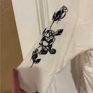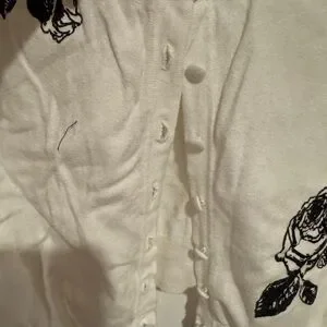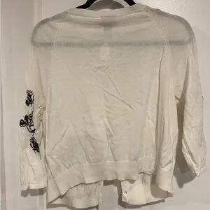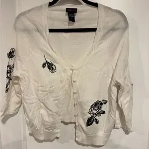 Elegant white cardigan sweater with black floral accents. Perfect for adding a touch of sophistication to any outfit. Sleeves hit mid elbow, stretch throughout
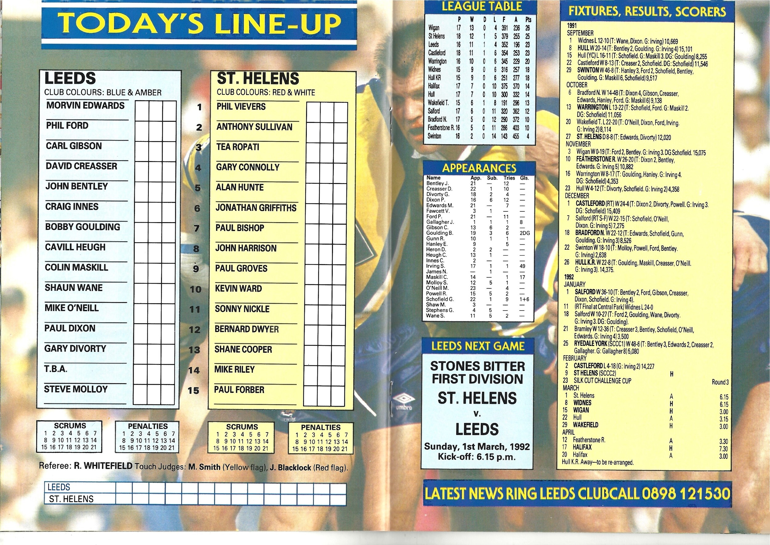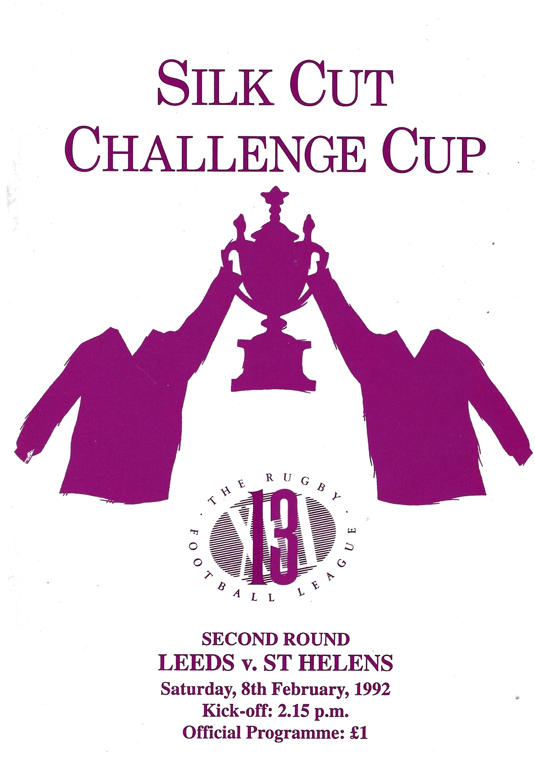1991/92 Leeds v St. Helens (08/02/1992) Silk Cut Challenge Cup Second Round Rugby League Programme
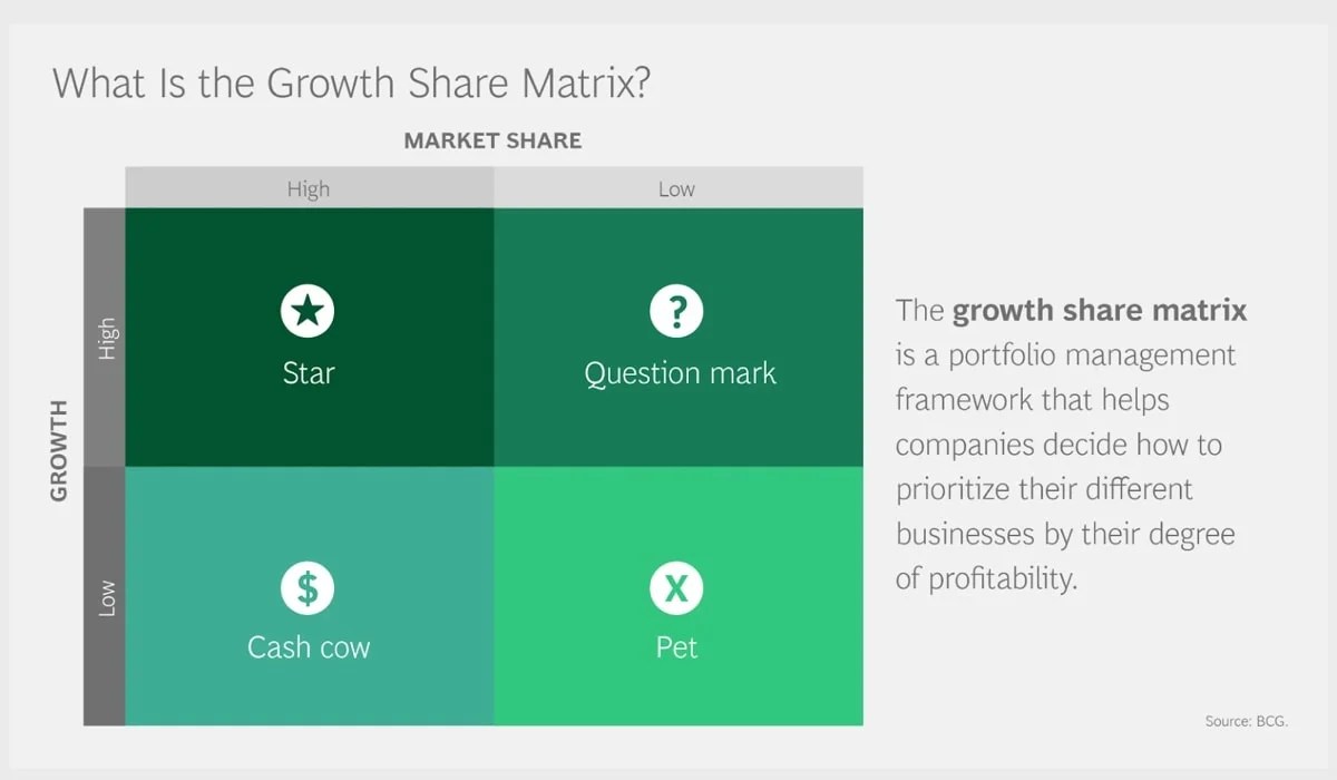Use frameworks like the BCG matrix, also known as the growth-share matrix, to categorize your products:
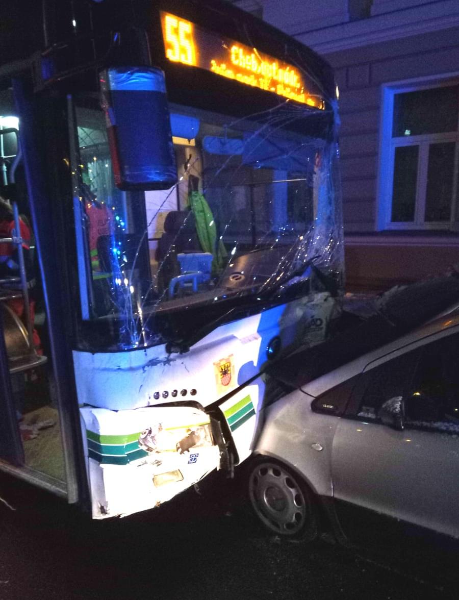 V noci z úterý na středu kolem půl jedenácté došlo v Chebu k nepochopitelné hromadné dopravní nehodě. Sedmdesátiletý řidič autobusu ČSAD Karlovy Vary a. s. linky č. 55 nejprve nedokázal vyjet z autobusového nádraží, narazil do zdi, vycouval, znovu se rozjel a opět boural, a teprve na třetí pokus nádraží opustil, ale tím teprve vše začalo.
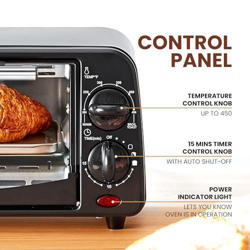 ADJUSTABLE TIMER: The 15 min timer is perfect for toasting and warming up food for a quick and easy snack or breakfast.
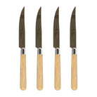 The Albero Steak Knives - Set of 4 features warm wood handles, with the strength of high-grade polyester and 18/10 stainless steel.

EXERCISE INSTRUCTIONS:
The whole listing above, line by line, needs to be copied exactly, except for any images.

WRITTEN SOLUTION:
 Elegant white cardigan sweater with black floral accents. Perfect for adding a touch of sophistication to any outfit. Sleeves hit mid elbow, stretch throughout
1991/92 Leeds v St. Helens (08/02/1992) Silk Cut Challenge Cup Second Round Rugby League Programme
Use frameworks like the BCG matrix, also known as the growth-share matrix, to categorize your products:
 V noci z úterý na středu kolem půl jedenácté došlo v Chebu k nepochopitelné hromadné dopravní nehodě. Sedmdesátiletý řidič autobusu ČSAD Karlovy Vary a. s. linky č. 55 nejprve nedokázal vyjet z autobusového nádraží, narazil do zdi, vycouval, znovu se rozjel a opět boural, a teprve na třetí pokus nádraží opustil, ale tím teprve vše začalo.
 ADJUSTABLE TIMER: The 15 min timer is perfect for toasting and warming up food for a quick and easy snack or breakfast.
 The Albero Steak Knives - Set of 4 features warm wood handles, with the strength of high-grade polyester and 18/10 stainless steel.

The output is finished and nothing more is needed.